14. The apparatus of claim 13, wherein the respiratory detection device comprises:
a detection element configured for recording at least one of the elevation or the constriction of the at least one of the chest or the abdomen of the patient;
a processing element configured for determining the input data related to the respiration pattern of the patient from the at least one of the elevation or the constriction of the at least one of the chest or the abdomen of the patient; and
a communication interface configured for transmitting the input data to the processing device.

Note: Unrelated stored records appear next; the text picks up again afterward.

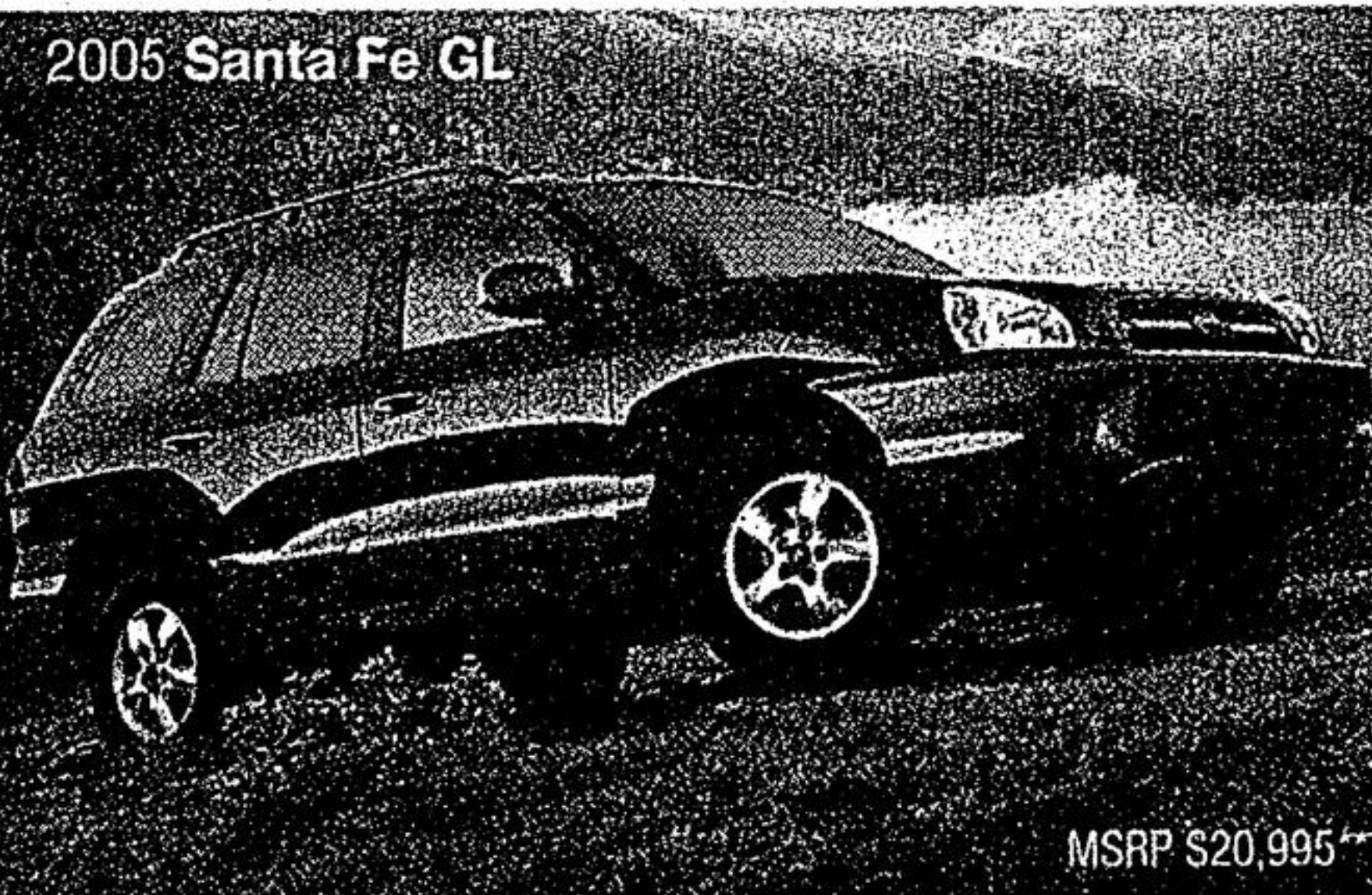
2005 Santa Fe GL

per mo./60 mos. $1,595 Down Payment $0 Security Deposit Freight & P.D.E. incl.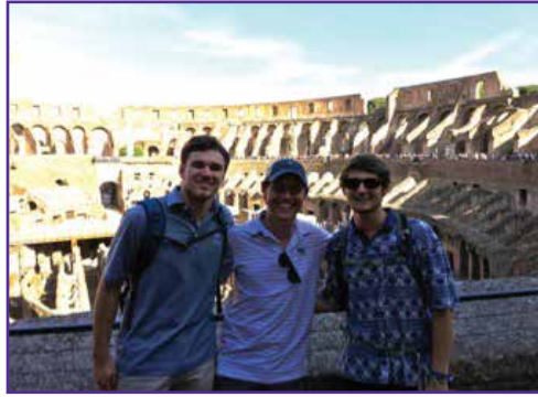
Gamma Rho-Zeta brothers studying abroad and sight-seeing at the Colosseum.

In the community, our members logged just shy of 4,000 volunteer hours last year. In response to our 4,000-hour goal, the Chapter has elected to increase the hours required for membership as we strive to achieve our goal of logging 4,000 hours this coming year.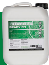
Selectline Ready Fit (10L) Low consumption

Our concentrated paints are characterized by their whiteness, stability in the can and are safe for the environment.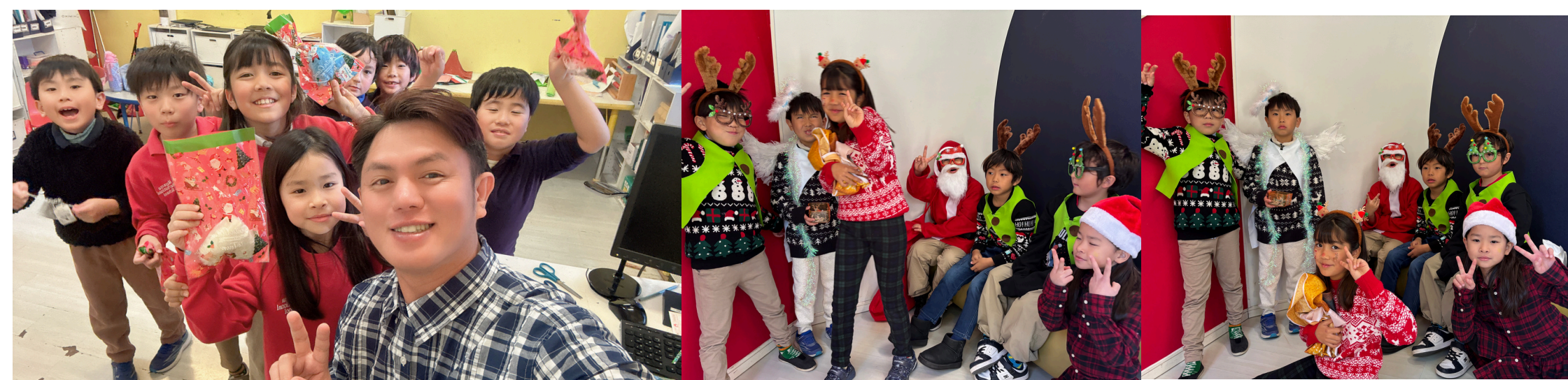
HOLIDAY PARTY 2024

15. The apparatus of claim 14, wherein the detection element is a breath detection sensor selected from at least one of a time-of-flight camera, a strain-gauge element, an electrical impedance tomography sensor, a respiratory inductive plethysmography sensor, a millimeter wave sensor, a radar sensor, or a thermal sensor.
16. A method for generating an aerosol stream, the method comprising the following steps:
(i) receiving a portion of breathing air from a ventilatory circuit to be provided to an aerosol generating element;
(ii) generating aerosol particles and introducing them into an aerosol stream; and
(iii) providing the aerosol stream comprising the aerosol particles through a conducting element to the patient.
17. The method of claim 16, wherein the aerosol stream comprising the aerosol particles is provided via at least one of an aerosol valve or a patient interface to the patient.
18. The method of claim 16, wherein an additional pressure is provided within the aerosol stream for guiding the aerosol stream through the conducting element to the patient.
19. A method for administering an aerosol to a patient the method comprising the following steps:
a) receiving input data related to a respiration pattern of a patient, wherein the respiration pattern comprises information about a temporal course of at least one of an elevation or a constriction of at least one of a chest or an abdomen of a patient;
b) determining at least one point in time from the respiration pattern; and
c) controlling an aerosol stream to the patient triggered at the at least one point in time,
wherein the at least one point in time advances at least one of an onset or a suspension of a breathing of the patient.